In her opening scene, Ms. Driver is released from prison sporting a different hair style than we've seen her wear - cornrows. "It was actually my idea to do that," she explains. "I had a dream about that particular season and my going to prison. And it told a story that I thought was quite interesting, somebody who clearly didn't grow up having their hair done that way, and when they leave prison, they are clearly someone else. It was really cool actually because it added a dimension that's not necessarily explained, which I always think is interesting in characters. It leaves you with a certain sense of something, but you're not quite sure what," says Driver who is hopeful the series will strike a chord in viewers.

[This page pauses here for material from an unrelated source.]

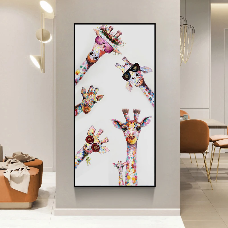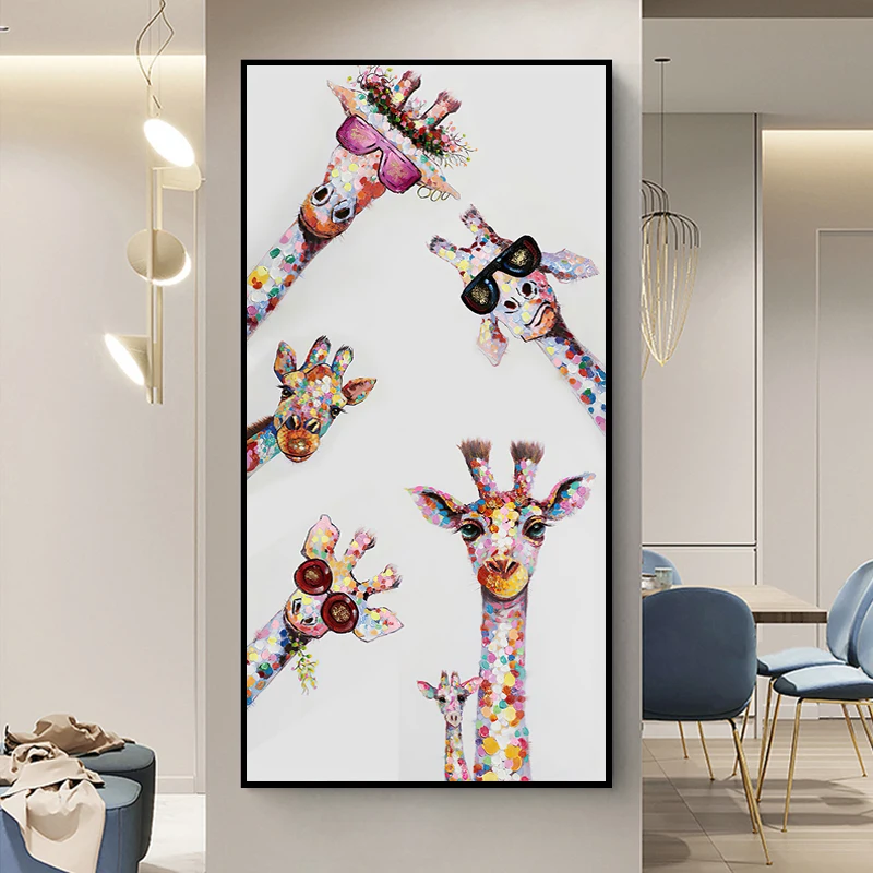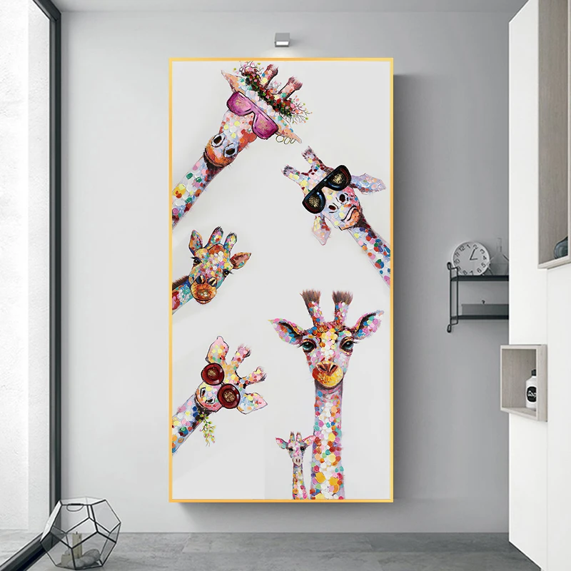Граффити Искусство Холст Живопись смешной Жираф семья настенные плакаты и принты животные Настенная картина для гостиной домашний декор

At this point in her career, it might seem odd that the actress is starring in a TV series. Why did she decide to do this series now? "You define your career as an actor really by what you say no to, oddly. And I don't say yes very often. When I read this, it was just and away the best part I've ever been offered." She thinks for a moment then adds, "As a woman in film, -- there's maybe four actresses who get the really [good roles] -- they're mostly called Kate. And they are the most fabulous actors, and they get these wonderful roles. And I always wanted to do stuff like that. And that just didn't [work out] -- it came my way sometimes, but not consistently. When I read this role of Dahlia, I knew that this was someone who [could] become anything, could go anywhere, and that this was like a springboard into something completely unknown and spontaneous," she says with alacrity. "She's genuinely the greatest character I've played. She's constantly changing. And I'm so incredibly thrilled to be doing it because it's surprising. Very surprising for me, and I think it will be surprising for audiences because [Dahlia is] a full-grown swampy from Louisiana, crack addict. It's great," she chuckles. True, her character is a drug addict and living a lie, and that is what Driver hopes to get her teeth into as the character evolves into the life of her creation.
Driver, a native of London, has completely changed her voice and accent for this role. For someone with a foreign accent, playing an American might be a challenge, and playing a Southern American might be an even bigger challenge. But for Driver, it's all in the game. "It's a trick. It's music. I play music a lot. I play a couple of instruments. I think it's the same part of your brain. If you love accents -- I've always loved them. And I worked a couple days with a coach just to sort of lock it in, but we filmed in New Orleans, you know, and you listen and you can't help but -- I couldn't help but start speaking that way. It's slightly harder in L.A., and I'm the only -- I'm not the only one on the show, but I'm definitely doing a very country Louisiana accent, which I think is right for down there. A lot of this is about commitment. You just commit to it, and you pay attention."
We have all heard about "The American Dream." When asked why we never hear about the British dream, Driver only comments, "It's a nightmare, that's why." She is happy to be in this country and extols the virtues of America. "Even though there is a class system here, which no one talks about because there is... but here we are all -- it's not feudal. It is a level playing field." She continues, "And we are all in this together. And there was something so great about that. There's a spirit about that that is so wonderful. And from that, then came the dream of capitalism and everything that kind of ... It is -- we are all equal, except some are more equal than others."
The Riches airs Mondays at 10 PM ET/PT on FX.